Description of the task: Output the entries exactly. Start at the first line, finish with the line containing "Karaağa - Şirintepe", and omit the pictures.

====== Entries provided ======

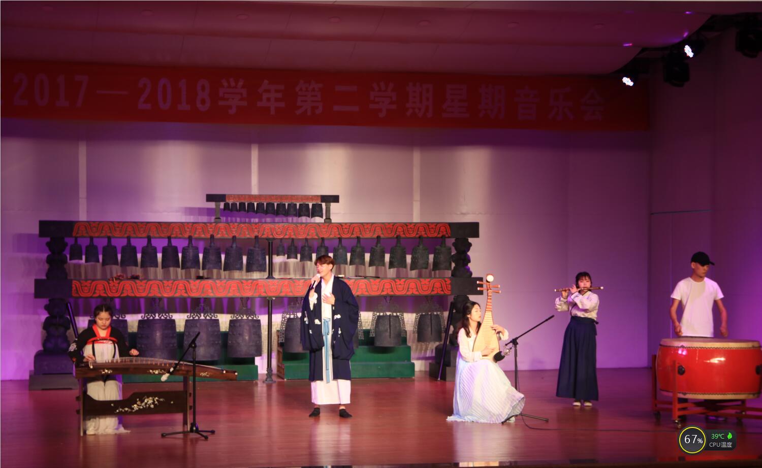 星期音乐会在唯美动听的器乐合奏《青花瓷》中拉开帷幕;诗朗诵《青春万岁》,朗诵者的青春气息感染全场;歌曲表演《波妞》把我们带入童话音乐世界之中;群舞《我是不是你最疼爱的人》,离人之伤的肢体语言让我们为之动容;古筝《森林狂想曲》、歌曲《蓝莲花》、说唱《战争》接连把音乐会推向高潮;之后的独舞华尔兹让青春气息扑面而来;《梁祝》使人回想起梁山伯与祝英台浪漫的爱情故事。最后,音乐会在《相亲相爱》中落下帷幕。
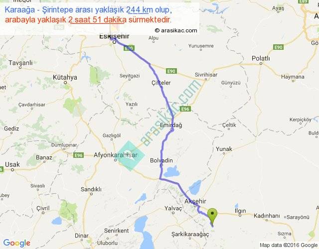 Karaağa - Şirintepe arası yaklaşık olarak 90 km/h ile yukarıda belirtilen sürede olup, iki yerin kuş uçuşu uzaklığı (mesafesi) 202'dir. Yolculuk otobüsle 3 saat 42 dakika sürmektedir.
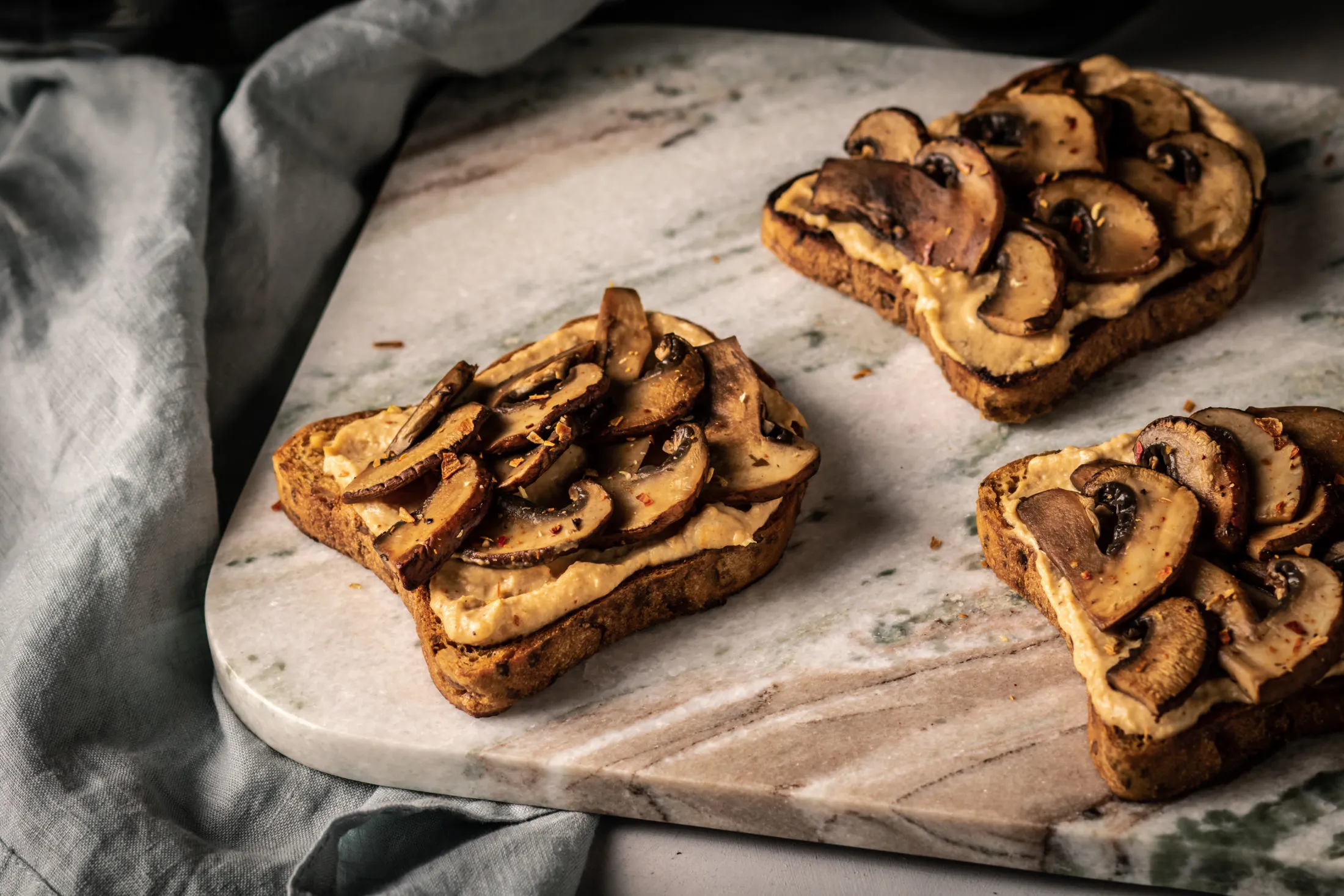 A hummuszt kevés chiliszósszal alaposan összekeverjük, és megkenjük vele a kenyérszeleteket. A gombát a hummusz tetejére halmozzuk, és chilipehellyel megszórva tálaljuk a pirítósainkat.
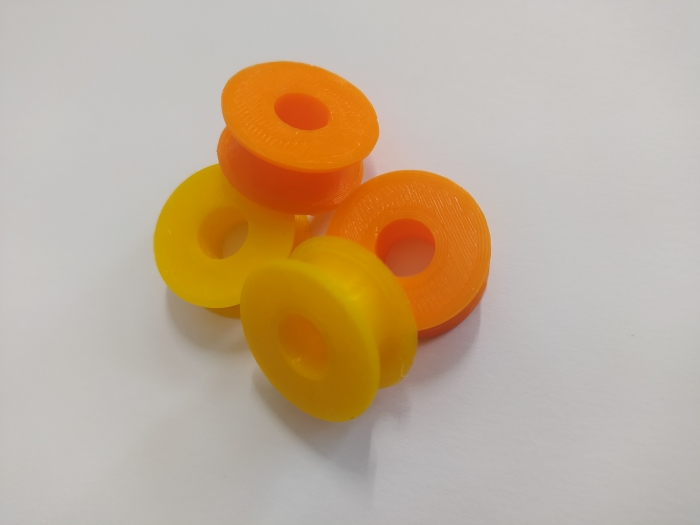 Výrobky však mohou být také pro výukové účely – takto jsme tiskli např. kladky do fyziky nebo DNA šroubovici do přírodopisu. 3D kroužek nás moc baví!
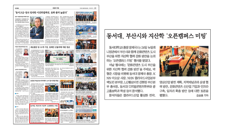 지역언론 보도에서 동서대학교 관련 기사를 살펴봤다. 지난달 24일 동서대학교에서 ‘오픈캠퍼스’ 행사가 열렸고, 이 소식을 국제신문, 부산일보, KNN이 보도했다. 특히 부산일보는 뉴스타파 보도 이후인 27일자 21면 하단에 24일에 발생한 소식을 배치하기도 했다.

======

Response:
 星期音乐会在唯美动听的器乐合奏《青花瓷》中拉开帷幕;诗朗诵《青春万岁》,朗诵者的青春气息感染全场;歌曲表演《波妞》把我们带入童话音乐世界之中;群舞《我是不是你最疼爱的人》,离人之伤的肢体语言让我们为之动容;古筝《森林狂想曲》、歌曲《蓝莲花》、说唱《战争》接连把音乐会推向高潮;之后的独舞华尔兹让青春气息扑面而来;《梁祝》使人回想起梁山伯与祝英台浪漫的爱情故事。最后,音乐会在《相亲相爱》中落下帷幕。
 Karaağa - Şirintepe arası yaklaşık olarak 90 km/h ile yukarıda belirtilen sürede olup, iki yerin kuş uçuşu uzaklığı (mesafesi) 202'dir. Yolculuk otobüsle 3 saat 42 dakika sürmektedir.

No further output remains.